Although Calgary post-punks Women broke up in 2010, their influence has loomed large in the interim years. You can feel their presence in the likes of Ought and Each Other, and the wire-wool noise of Brighton label Faux Discx, who released the debut album by Faux Fur, featuring former Women drummer Matthew Flegel (who now fronts the great Viet Cong). Down in Auckland, Trust Punks – formed from the ashes of a more indie-pop leaning band called Grass Cannons – have taken Women’s gnarled influence to heart too. Eighteen months after releasing their first single, their debut album is finally out next Monday on Spunk Records. Listen to an exclusive stream of the record below, and read an interview with guitarist/singer Joseph Thomas after the jump.
NME: The album’s called ‘Discipline’ – why that title?
Joseph Thomas: Alex [Grant, guitarist/vocals] came up with calling it ‘Discipline’ and it reminds me of Discipline and Punish by Michel Foucault and ‘Outside The Trains Don’t Run On Time’ by Gang Of Four so it probably indicates towards two of the more discernible influences on the record, which is cool, I think. As a general theme the album* sort of speaks about the process of coming to terms with the space you occupy in the world and how you occupy it in relation to a society that sort of comes pre-loaded with a web of complex power relations (in terms of race/gender/class/etc/etc) once you’re born into it. A big part of that is becoming aware of both structural inequality (the justifications for which are talked about a bit in ‘Gordian Knot’) and the privilege you have within its structure (sort of what ‘Prone Hold’ is about). A big part of that process for me personally is regret and shame at your previous ignorant behaviours as a result of your own ignorance/internalised privilege (which is what ‘Enemies’ is about).

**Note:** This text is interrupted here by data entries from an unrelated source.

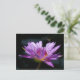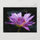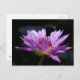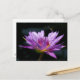A photograph of a dragonfly perched atop a lovely purple lotus waterlily adorns this pretty postcard!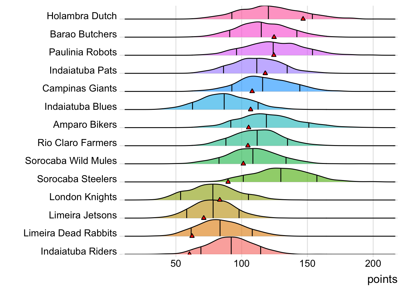 Campinas Giants has now beaten their projected score five weeks in a row.
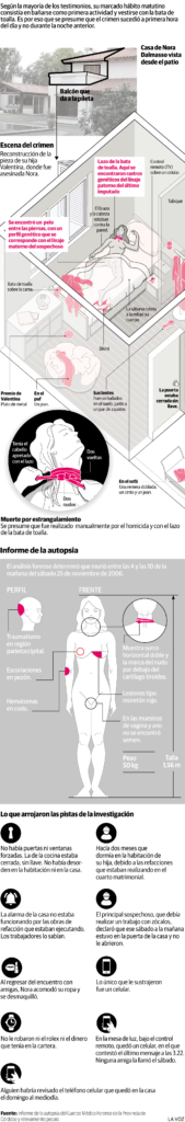 Jávega dijo que Bárzola estuvo trabajando en la casa de la víctima una semana antes del homicidio. Según el fiscal, “se ha verificado una compatibilidad genética tanto en las huellas encontradas en el cinto de bata de la víctima como en un pelo hallado en la escena del crimen”.

NME: Where did you record it and who with?
Joseph Thomas: We recorded it in a place called Thinkt studios which is a DIY studio in central Auckland that’s been knocking around for a few years. We recorded it with a guy called Joshua Lynn over about three days in February, then he took a long-ass time to mix it.
NME: I read your post about the dismal New Zealand election and your call for people to take action more regularly; is there a politicised aspect to the lyrics/band in general? Any other themes leaping out?
Joseph Thomas: I think it’s certainly fair to say there is a politicised aspect to our band but we try not to add any prescriptive content to our songs for fear of coming across preachy. With that said I think [right-wing political party] National’s ridiculous landslide victory they had the other day is definitely something that the album will be, and maybe even should be, filtered through, and it won’t be hard to tell what we think about it and why we think that.
NME: Are things going well for you in New Zealand? Are you operating on a DIY level, are people taking notice?
Joseph Thomas: I think things are going pretty much as well as we could hope for a band that sounds like us from where we are from! But it is kinda hard to tell and I try not to think about it. I think we are actually a little nervous about putting this album out to be honest because we have never released anything that people outside of our friends have paid any attention to. It should be interesting/fun though I guess? We definitely still operate on a DIY level and will continue to do so probably forever.
NME: Which other New Zealand bands should people check out? Which bands are you friends with, is there any kind of ostensible scene that you’re a part of?
Joseph Thomas: There are heaps of cool bands in Auckland/wider NZ! The best ones in my opinion are Parents, Mermaidens, Perfect Hair Forever and Cheats. No ostensible scene though, everyone is pretty atomised and diffuse which is nice because it breeds diversity but makes it kind of tough for an infrastructure to build itself around the cool music being made. Things have been getting more productive in that respect over the past year or so though and it’s getting noticeably easier for us to put our own all ages shows on and have people show up.
* Over email, Joseph justified calling it an album rather than an EP, writing:
“There are only seven songs on it and I expect some people are gonna think it’s kinda cheeky that we’re calling it our debut album, but here is why it totally is our debut album:
– It only fits comfortably on a 12″ LP so we have to press it like an album
– It’s 23 minutes long which is four or five minutes longer than ‘Say Yes to Love’ by Perfect Pussy and ‘Never Hungover Again’ by Joyce Manor, which are two of our favourite albums of this year.
– It feels VERY album-y to us, was draining to make and has occupied our brainwork non-stop for the better part of a year.”